↓↓↓
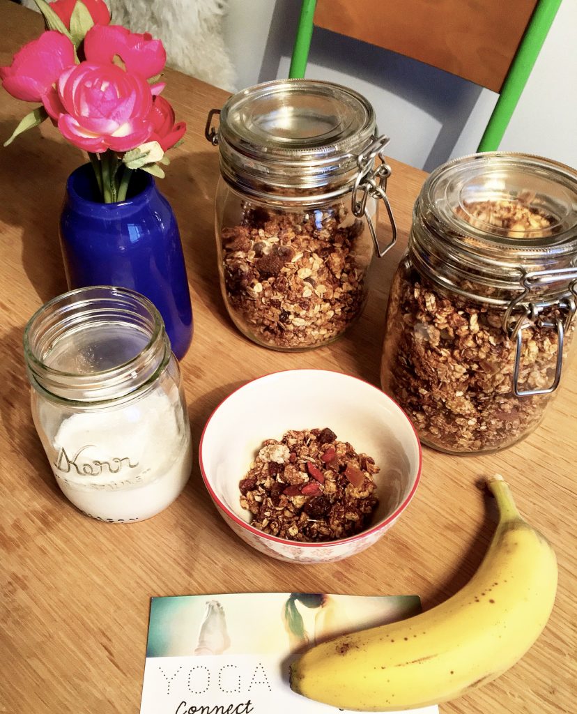 – Du granola maison avec du lait ou un yaourt végétal. Le détail de ma recette de granola hyper easy est sur mon site ici.
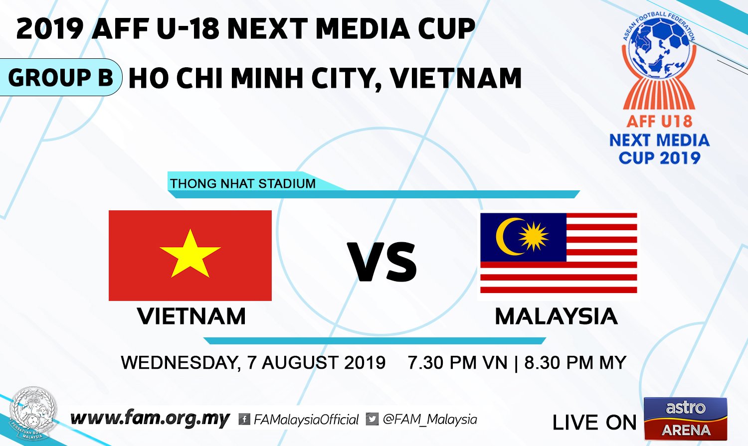Fa Malaysia On Twitter 2019 Aff U 18 Next Media Cup Wednesday 7th August 2019 Matchday 1 Group B Vietnam Vs Malaysia Thong Nhat Stadium Ho Chi Minh City 7 30 Pm 8 30
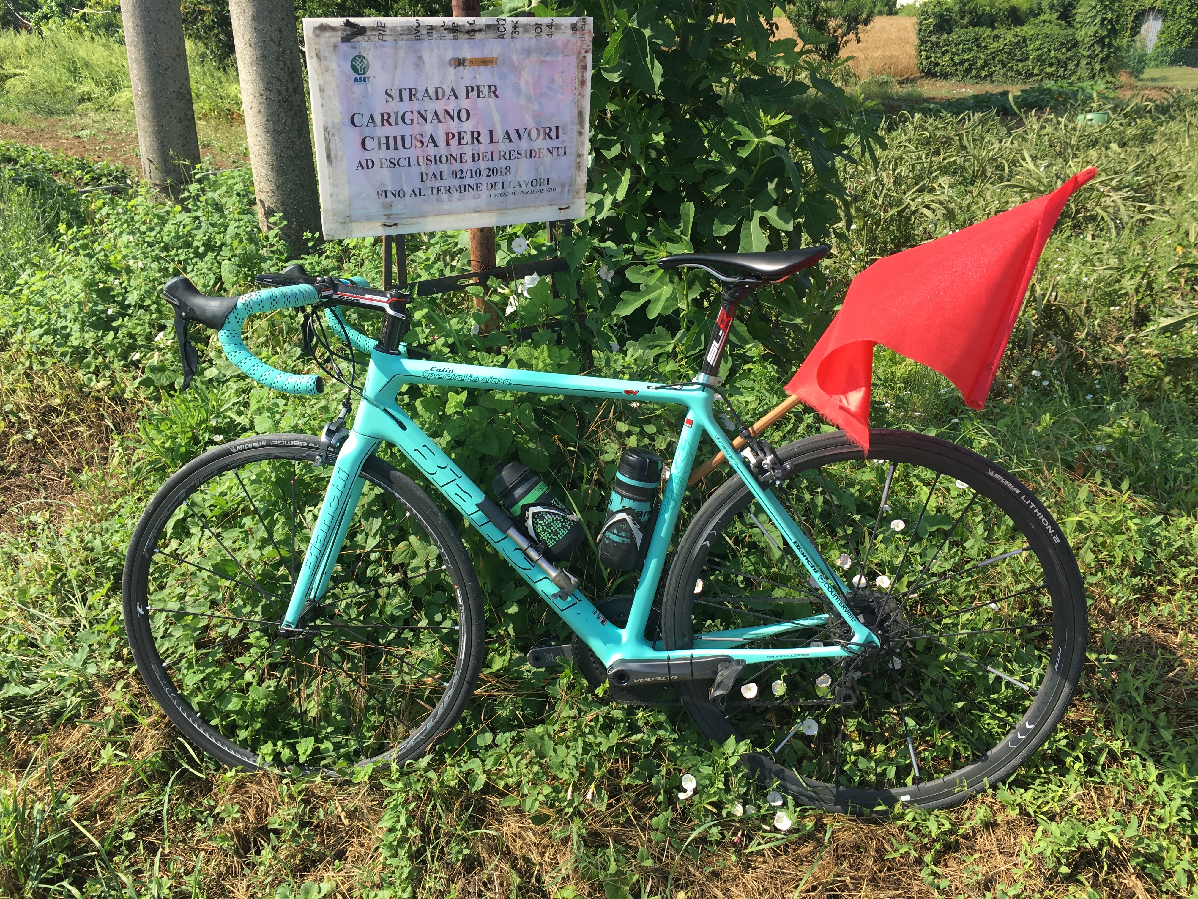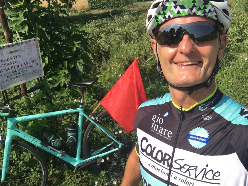 Thursday night I spent some time setting out cones for a cycling gymkhana for the little ones. Today I was a mobile marshal. I’m not sure the Italian term translates as well – not sure I should call myself a mobile escort. Armed with red flags, a number of us rode ahead of the group to block off junctions, wait for them to pass, then overtake the group to resume blocking duties. A rolling road block to accompany the two scooters from the Protezione Civile and the Polizzioti who stopped traffic in Fano.
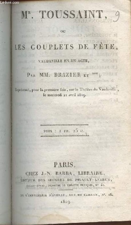Chez J.N. Barba. 1819. In-12. Broché. Etat d'usage, Livré sans Couverture, Dos abîmé, Papier jauni. 32 pages. Rousseurs.. . . . Classification Dewey : 792-Théâtre
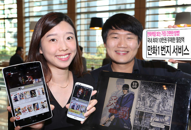 LG유플러스(부회장 이상철 / www.uplus.co.kr)가 미디어로그와 제휴를 통해 국내 최저 가격인 월정액 7,000원(부가세 없음)으로 국내 최다인 10만권의 만화를 볼 수 있는 프리미엄 정액형 서비스인 ‘만화1번지’를 20일 출시했다고 밝혔다.
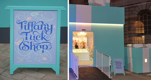 Kate Forrester was asked by the New York design department of Tiffany’s to create some of her gorgeous hand drawn lettering for window displays and signage in Japan London and the flagship store in New York. These designs were then used to decorate each store in vinyl, cut paper and also hand painted on to a sandwich board for the London ‘tuck shop’.
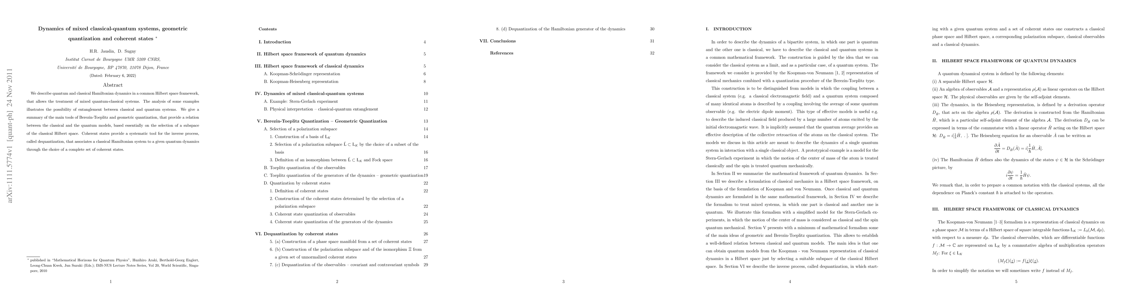 This paper explores the dynamics of mixed classical-quantum systems within a unified Hilbert space framework, highlighting entanglement possibilities between classical and quantum components. It employs Berezin-Toeplitz and geometric quantization techniques to bridge classical and quantum models, and uses coherent states for dequantization, linking quantum dynamics to classical Hamiltonian systems.
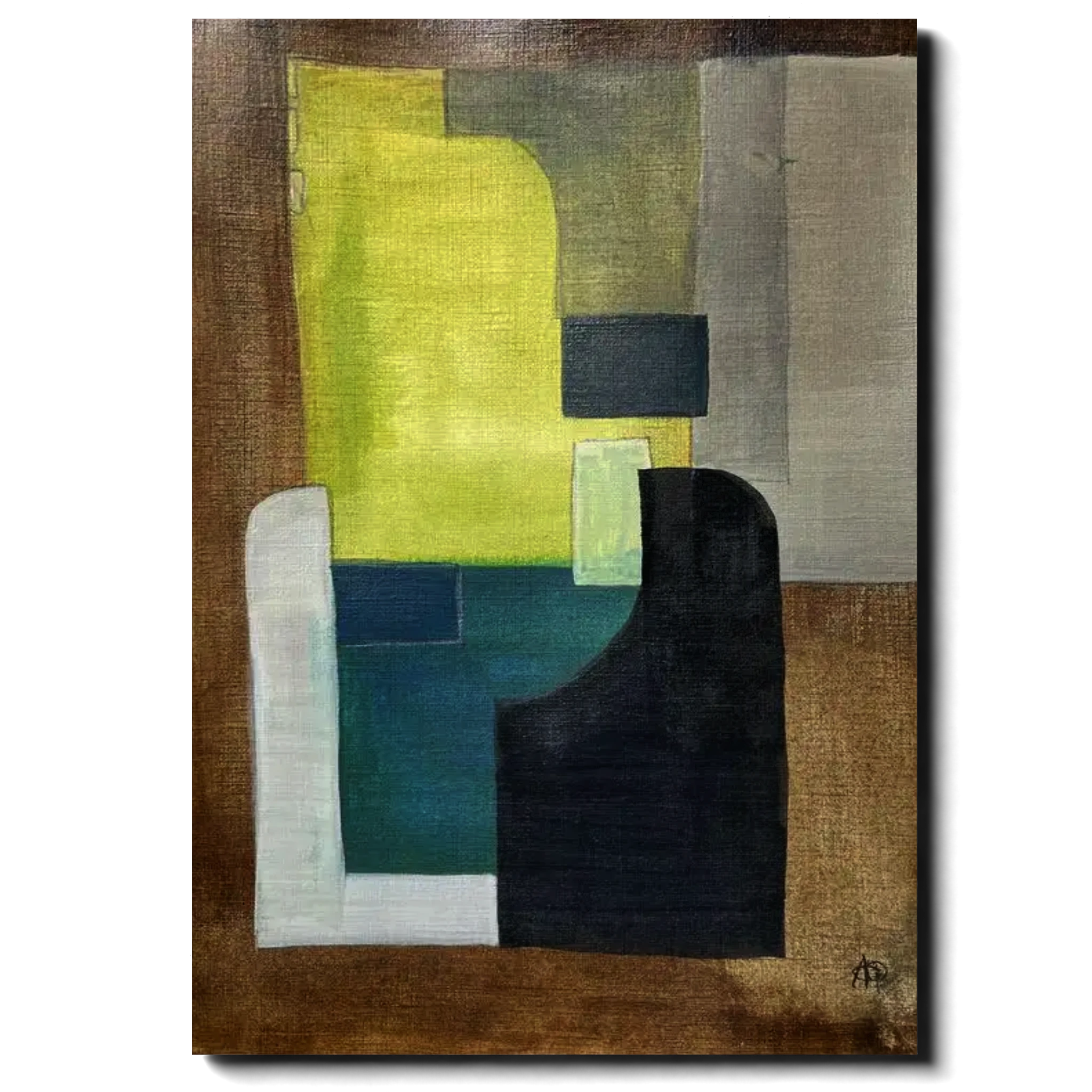 Composition 4 Acrylic ink on paper, 21×29.5cm Arnaud Quercy Creations / AQC0570 / 2024 ‘Composition 4’ is a striking abstract artwork that showcases the dynamic interplay of geometric shapes and a sophisticated color palette. Using acrylic on paper, Arnaud Quercy creates a rich tapestry of layered forms and textures. The piece features a harmonious blend of green, blue, black, and beige tones, with subtle gradients adding depth and complexity. The structured shapes and clean lines create a sense of balance and order, while the varied color blocks add visual interest and movement. The textured background enhances the composition, giving it a tactile quality that invites closer inspection. This piece is part of Arnaud Quercy’s ongoing exploration of abstract art, where he examines the relationships between color, form, and texture. ‘Composition 4’ encourages viewers to engage with the artwork on a personal level, discovering their own interpretations and connections within the abstract forms.
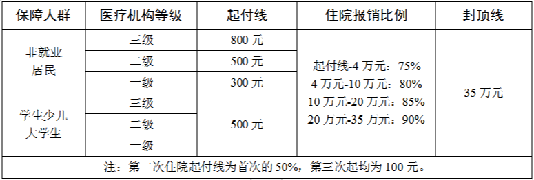 调整后,居民医保4万元以下的住院报销比例将有5-10个百分点提高。居民医保住院封顶线35万元以上的合规医疗费用纳入我市大病保险补助。
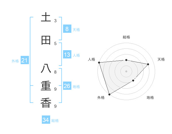 占い結果は姓名判断である以上、良い場合も悪い場合もありますが、決してお名前を誹謗中傷するものでなく、画数の自動計算によって得られたものです。また、本サイトの検索によって得られた鑑定結果で、第三者を誹謗中傷したり名誉を棄損するような行為を禁じます。
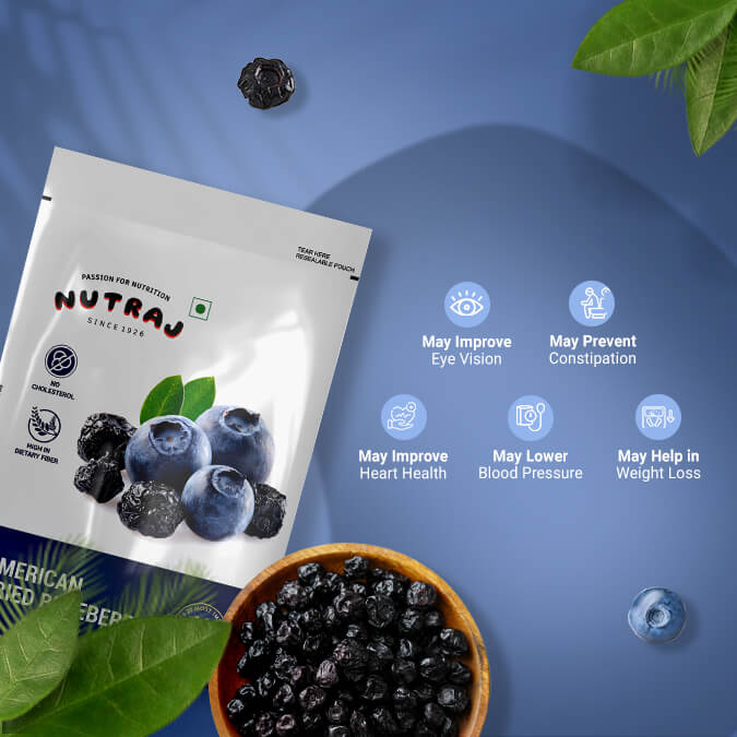 Indulge your taste buds and gratify cravings with the delightful flavour s of Nutraj Dried American Blueberries. Whether you enjoy them as a solo snack or incorporate them into other recipes, these dried blueberries will surely please your health. These foods are often called nutritional powerhouses because they are high in antioxidants, fiber, vitamins C and K, and low in calories. So, why wait? Incorporate Nutraj Dried American Blueberries to enjoy a tasty and nutritious addition. Shop Now!
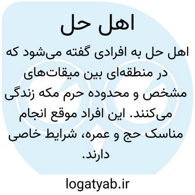[ویکی حج] اهل حِلّ؛ به ساکنان میان میقات های پنج گانه و محدوده حرم گفته می شود. فقهای اسلامی برای ساکنان حل در مورد میقات، طواف وداع، انجام حج و عبور از منازل، احکام خاصی قائل هستند. میقات اهل حل منازل آنهاست البته بهتر است که از مواقیت احرام ببندند. مشهور فقیهان امامی بر آنند که انجام حج تمتع برای ساکنان مکه و پیرامون آن روا نیست.
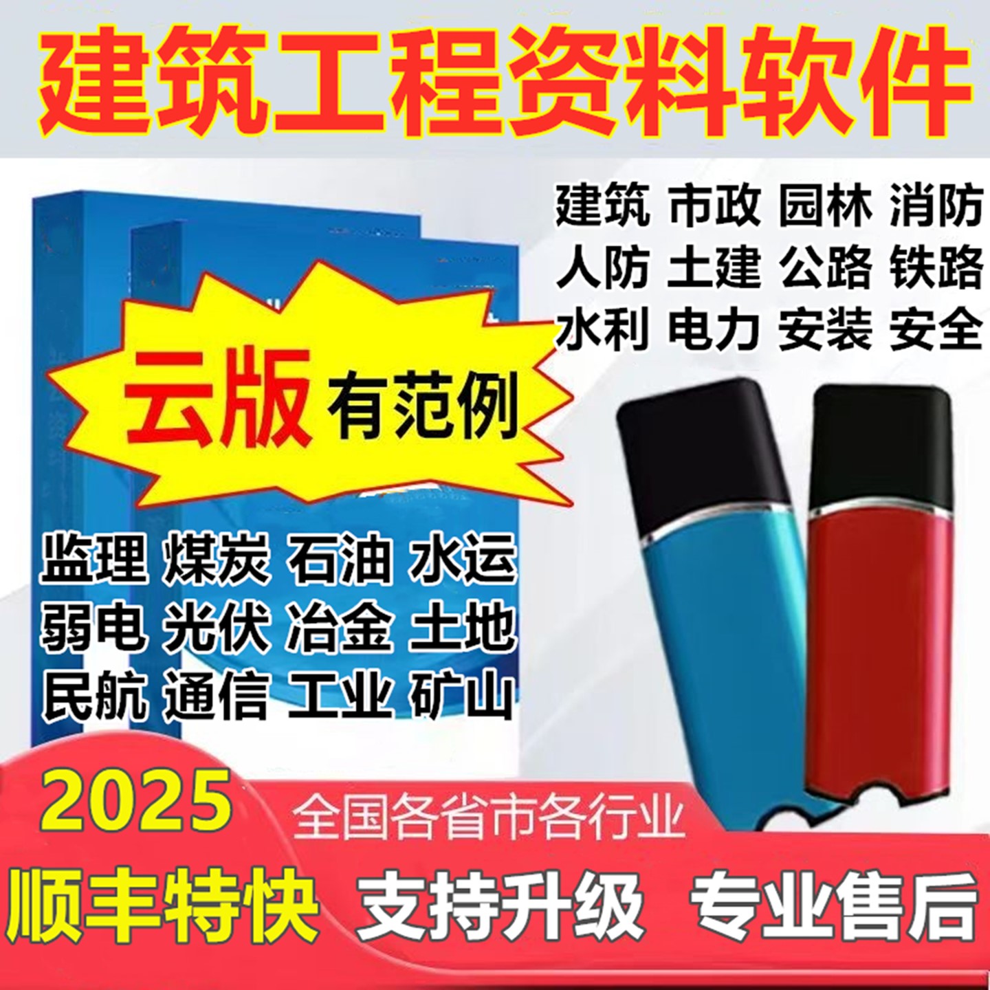 2025筑业云资料建筑工程软件市政园林装饰修水利水电力消防安全公路监理煤炭冶金光伏铁路矿山工业加密狗锁
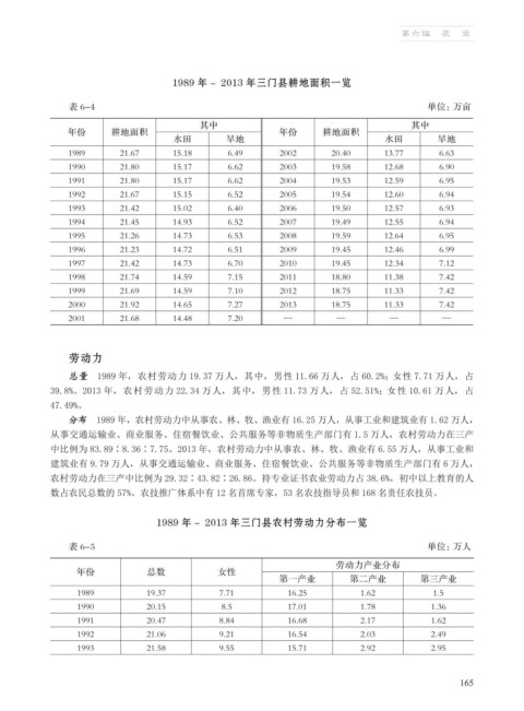 分布 1989 年,农村劳动力中从事农、林、牧、渔业有 16.25 万人,从事工业和建筑业有 1.62 万人,
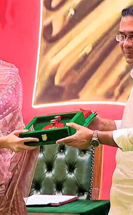 Last Updated on 7 months by zajira news আন্তর্জাতিক ডেস্ক, জাজিরা নিউজ: এবারের এশিয়া কাপে ইতিহাসে প্রথমবার ফাইনালে মুখোমুখি হয় ভারত-পাকিস্তান। টানটান উত্তেজনাপূর্ণ লড়াইয়ে ৫ উইকেট ও ২ বল হাতে রেখে জয় পেয়েছে ভারত। এক আসরে টানা তিনবার চিরপ্রতিদ্বন্দ্বী পাকিস্তানকে হারিয়ে টুর্নামেন্ট স্মরণীয় করে রেখেছে দলটি। তবে, হ্যান্ডশেক কাণ্ড থেকে শুরু করে ফাইনালের পর এসিসির পাকিস্তানি চেয়ারম্যানের হাত থেকে শিরোপা গ্রহণের অপারগতার মতো ঘটান ছাপিয়ে গেছে খেলার মাঠের রোমাঞ্চকে। গতরাতে এশিয়া কাপের ফাইনালে পাকিস্তানকে হারিয়ে রেকর্ড নবমবারের মতো এশিয়াসেরা হয়েছে ভারত। পুরো টুর্নামেন্টজুড়ে চলা ভারত-পাকিস্তান ‘যুদ্ধাবস্থা’ ফাইনালেও বজায় ছিল। গ্রুপ পর্বের প্রথম ম্যাচে পাকিস্তানের অধিনায়ক সালমান আলী আগা ও খেলোয়াড়দের […]বিস্তারিত
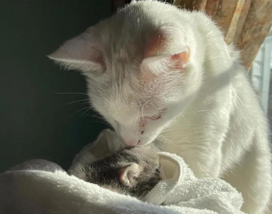 “Δεν χρειάζεται μια γάτα που είναι μαμά για να βοηθάει στην ανατροφή τους, χρειάζεται απλώς μια γάτα με καταπληκτική προσωπικότητα και υπομονή που να απολαμβάνει την παρουσία μικρών γατιών”, δήλωσε η Ellen.
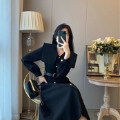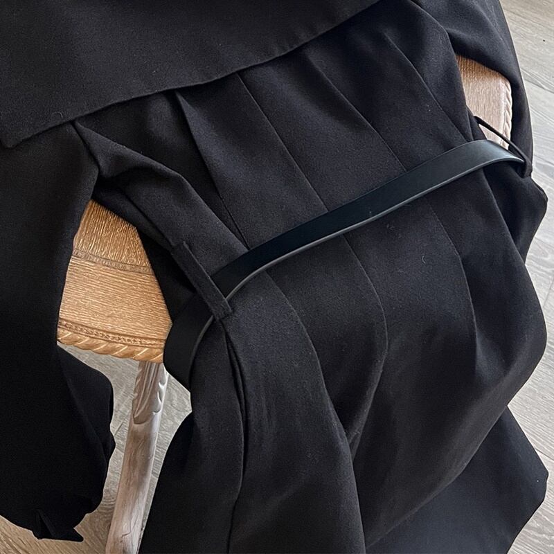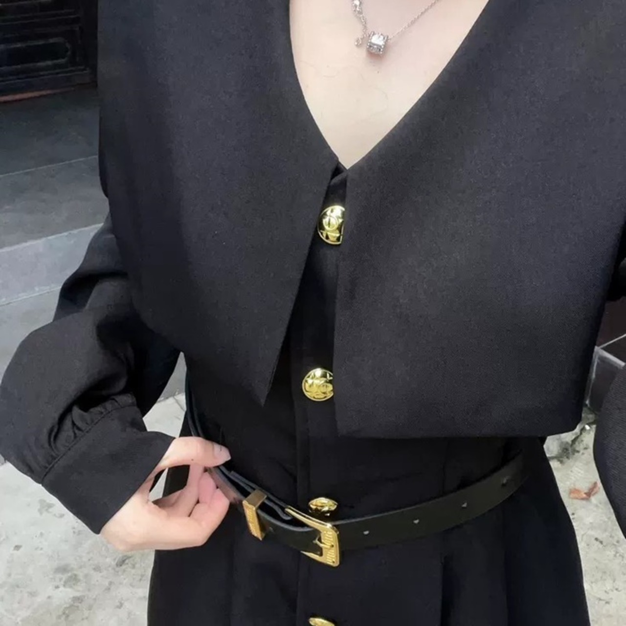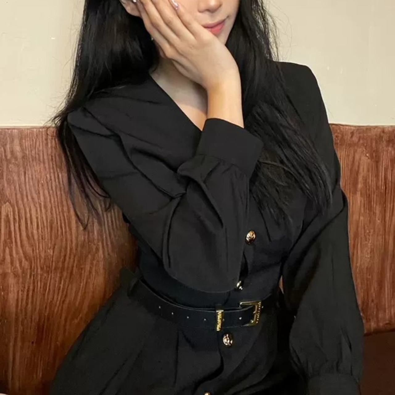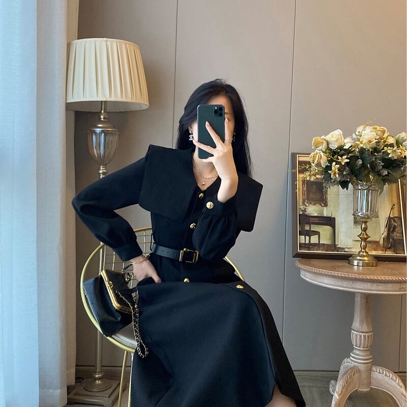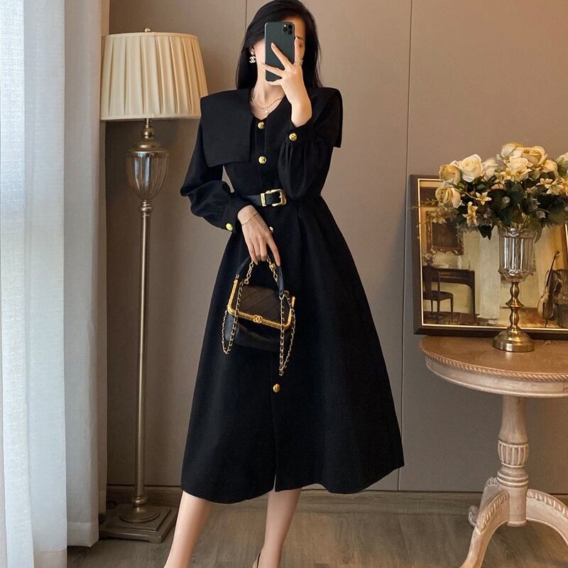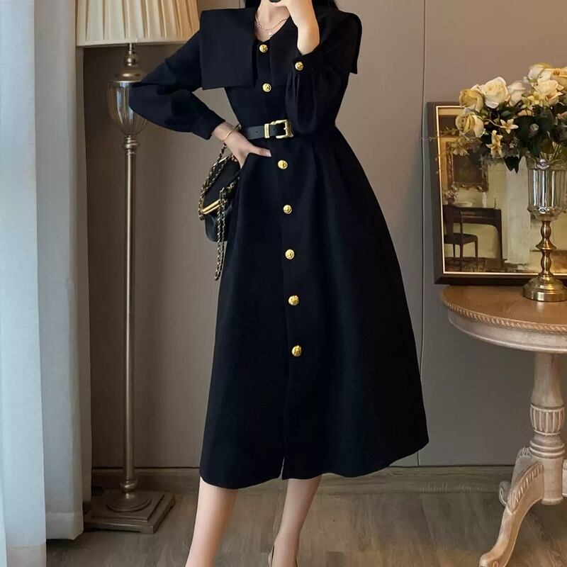 ドレスワンピ ベルト レディース ワンピース フレア 膝下 ミモレ 長袖 襟付き スリム 細身 Aライン ポケット 前開き ボタン ヴィンテージ 大人可愛い きれいめ 上品 おしゃれ かっこいい レトロ クール モード系 エレガント モダン 主役級 存在感 とろみ感 かっちり 都会的 ラグジュアリー オフィス ビジネス OL 通勤 デート お出かけ パーティー イベント 旅行 女子会 海外 韓国 オルチャン 美脚 脚長 普段使い 着回し モテ トレンド 流行 インスタ映え S M L XL ブラック | SPARKJOY レディースファッション
↑↑↑
▸ The problem: Pictures do not belong in the answer. Return the lines above starting at the one with "Chez J.N. Barba." and ending at the one with "LG유플러스(부회장 이상철 /", both kept, exactly.

▸ Response to this task:
Chez J.N. Barba. 1819. In-12. Broché. Etat d'usage, Livré sans Couverture, Dos abîmé, Papier jauni. 32 pages. Rousseurs.. . . . Classification Dewey : 792-Théâtre
 LG유플러스(부회장 이상철 / www.uplus.co.kr)가 미디어로그와 제휴를 통해 국내 최저 가격인 월정액 7,000원(부가세 없음)으로 국내 최다인 10만권의 만화를 볼 수 있는 프리미엄 정액형 서비스인 ‘만화1번지’를 20일 출시했다고 밝혔다.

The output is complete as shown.